Saved entries:
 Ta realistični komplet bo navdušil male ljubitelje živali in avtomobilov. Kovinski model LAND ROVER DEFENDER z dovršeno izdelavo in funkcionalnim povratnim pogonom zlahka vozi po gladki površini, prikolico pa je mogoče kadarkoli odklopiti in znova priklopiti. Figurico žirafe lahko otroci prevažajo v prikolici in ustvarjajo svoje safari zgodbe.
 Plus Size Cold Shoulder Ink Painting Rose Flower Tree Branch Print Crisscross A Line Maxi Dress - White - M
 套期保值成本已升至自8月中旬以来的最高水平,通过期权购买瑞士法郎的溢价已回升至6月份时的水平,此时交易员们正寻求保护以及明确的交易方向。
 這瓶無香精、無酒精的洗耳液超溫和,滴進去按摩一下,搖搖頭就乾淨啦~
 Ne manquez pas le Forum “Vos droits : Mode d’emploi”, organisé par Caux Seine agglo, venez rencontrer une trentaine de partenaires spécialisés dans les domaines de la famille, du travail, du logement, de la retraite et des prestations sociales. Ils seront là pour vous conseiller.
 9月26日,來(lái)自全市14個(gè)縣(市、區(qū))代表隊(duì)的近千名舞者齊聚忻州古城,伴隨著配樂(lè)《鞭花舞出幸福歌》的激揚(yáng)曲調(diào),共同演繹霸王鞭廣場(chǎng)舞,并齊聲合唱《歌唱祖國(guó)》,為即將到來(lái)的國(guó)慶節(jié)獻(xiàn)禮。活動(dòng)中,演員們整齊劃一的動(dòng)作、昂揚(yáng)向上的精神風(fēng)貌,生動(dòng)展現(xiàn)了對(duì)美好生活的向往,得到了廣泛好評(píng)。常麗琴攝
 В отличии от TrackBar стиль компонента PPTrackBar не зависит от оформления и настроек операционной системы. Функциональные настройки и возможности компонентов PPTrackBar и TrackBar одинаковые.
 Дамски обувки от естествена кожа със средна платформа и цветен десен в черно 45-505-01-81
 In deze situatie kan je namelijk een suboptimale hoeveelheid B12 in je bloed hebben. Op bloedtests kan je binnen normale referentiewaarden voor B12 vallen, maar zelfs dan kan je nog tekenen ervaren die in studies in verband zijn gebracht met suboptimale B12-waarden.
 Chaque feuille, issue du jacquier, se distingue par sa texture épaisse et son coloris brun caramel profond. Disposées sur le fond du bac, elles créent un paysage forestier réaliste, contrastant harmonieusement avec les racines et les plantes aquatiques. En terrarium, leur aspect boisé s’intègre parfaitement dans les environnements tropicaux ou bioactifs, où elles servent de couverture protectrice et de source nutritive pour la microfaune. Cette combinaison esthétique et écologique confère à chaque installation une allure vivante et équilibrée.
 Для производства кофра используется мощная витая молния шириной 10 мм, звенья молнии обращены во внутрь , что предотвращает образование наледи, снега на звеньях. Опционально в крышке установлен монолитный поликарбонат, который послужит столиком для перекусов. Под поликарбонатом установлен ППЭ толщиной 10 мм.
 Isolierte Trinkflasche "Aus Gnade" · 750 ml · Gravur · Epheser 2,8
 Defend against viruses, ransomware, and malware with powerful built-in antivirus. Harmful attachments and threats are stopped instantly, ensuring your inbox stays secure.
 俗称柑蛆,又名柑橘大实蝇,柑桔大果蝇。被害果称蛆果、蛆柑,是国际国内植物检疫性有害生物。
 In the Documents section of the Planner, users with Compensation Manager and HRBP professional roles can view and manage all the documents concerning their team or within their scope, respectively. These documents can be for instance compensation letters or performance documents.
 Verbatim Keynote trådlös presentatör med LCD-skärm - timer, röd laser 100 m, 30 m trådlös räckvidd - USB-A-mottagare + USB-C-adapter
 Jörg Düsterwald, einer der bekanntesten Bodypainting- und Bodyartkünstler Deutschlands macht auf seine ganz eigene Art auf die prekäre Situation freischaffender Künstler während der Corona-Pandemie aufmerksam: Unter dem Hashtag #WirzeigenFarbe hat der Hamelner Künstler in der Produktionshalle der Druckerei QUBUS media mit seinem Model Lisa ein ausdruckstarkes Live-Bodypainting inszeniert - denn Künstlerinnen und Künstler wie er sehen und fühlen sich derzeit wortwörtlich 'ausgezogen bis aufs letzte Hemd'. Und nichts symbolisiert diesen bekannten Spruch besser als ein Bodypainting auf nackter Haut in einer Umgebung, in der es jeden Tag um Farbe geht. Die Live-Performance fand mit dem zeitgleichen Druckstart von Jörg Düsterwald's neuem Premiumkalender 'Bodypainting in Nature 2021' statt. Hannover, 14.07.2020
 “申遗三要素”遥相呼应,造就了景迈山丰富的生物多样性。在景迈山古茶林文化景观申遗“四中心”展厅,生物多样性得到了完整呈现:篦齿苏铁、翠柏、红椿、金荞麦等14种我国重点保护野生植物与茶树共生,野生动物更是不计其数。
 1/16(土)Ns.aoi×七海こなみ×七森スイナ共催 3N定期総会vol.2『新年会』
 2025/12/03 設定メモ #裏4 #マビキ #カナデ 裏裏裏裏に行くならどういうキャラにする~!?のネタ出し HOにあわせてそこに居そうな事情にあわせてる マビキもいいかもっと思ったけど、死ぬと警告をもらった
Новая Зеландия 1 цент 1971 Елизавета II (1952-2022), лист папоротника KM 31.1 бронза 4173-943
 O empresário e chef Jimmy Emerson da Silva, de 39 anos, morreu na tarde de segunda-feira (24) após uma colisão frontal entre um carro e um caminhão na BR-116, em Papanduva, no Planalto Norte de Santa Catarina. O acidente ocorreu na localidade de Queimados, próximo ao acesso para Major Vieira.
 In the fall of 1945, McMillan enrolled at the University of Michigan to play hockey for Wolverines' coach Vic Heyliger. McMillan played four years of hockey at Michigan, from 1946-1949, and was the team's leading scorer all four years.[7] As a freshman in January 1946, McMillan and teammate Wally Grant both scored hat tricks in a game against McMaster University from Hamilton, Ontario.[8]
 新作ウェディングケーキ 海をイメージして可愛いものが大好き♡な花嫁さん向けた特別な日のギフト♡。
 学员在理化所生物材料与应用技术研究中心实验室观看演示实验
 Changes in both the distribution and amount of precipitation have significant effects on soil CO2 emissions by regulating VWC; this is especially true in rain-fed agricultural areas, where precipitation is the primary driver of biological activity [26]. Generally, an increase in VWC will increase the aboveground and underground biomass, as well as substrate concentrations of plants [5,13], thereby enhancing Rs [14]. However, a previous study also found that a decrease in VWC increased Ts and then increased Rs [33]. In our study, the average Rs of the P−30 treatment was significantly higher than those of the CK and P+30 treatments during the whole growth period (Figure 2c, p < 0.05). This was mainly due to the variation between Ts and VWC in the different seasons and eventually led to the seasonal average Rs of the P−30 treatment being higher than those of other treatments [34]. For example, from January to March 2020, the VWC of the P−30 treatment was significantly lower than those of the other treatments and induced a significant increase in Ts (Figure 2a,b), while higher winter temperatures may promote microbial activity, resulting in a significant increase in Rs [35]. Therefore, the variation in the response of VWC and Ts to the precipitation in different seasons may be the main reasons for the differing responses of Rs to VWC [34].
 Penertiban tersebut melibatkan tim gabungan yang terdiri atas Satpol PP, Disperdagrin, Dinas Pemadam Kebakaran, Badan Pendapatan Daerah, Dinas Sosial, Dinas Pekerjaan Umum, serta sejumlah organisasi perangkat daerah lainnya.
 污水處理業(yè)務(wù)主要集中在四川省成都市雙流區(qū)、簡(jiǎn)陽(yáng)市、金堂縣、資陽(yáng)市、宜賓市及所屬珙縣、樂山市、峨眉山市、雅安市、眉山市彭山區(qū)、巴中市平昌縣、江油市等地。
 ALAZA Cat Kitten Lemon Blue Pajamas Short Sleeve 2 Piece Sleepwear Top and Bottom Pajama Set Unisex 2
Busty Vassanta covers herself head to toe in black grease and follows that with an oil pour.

About this exercise
From the entries above, print the lines beginning at the one with "1/16(土)Ns.aoi×" and stopping after the one with "Новая Зеландия 1", exactly as written and with nothing else.

Response
 1/16(土)Ns.aoi×七海こなみ×七森スイナ共催 3N定期総会vol.2『新年会』
 2025/12/03 設定メモ #裏4 #マビキ #カナデ 裏裏裏裏に行くならどういうキャラにする~!?のネタ出し HOにあわせてそこに居そうな事情にあわせてる マビキもいいかもっと思ったけど、死ぬと警告をもらった
Новая Зеландия 1 цент 1971 Елизавета II (1952-2022), лист папоротника KM 31.1 бронза 4173-943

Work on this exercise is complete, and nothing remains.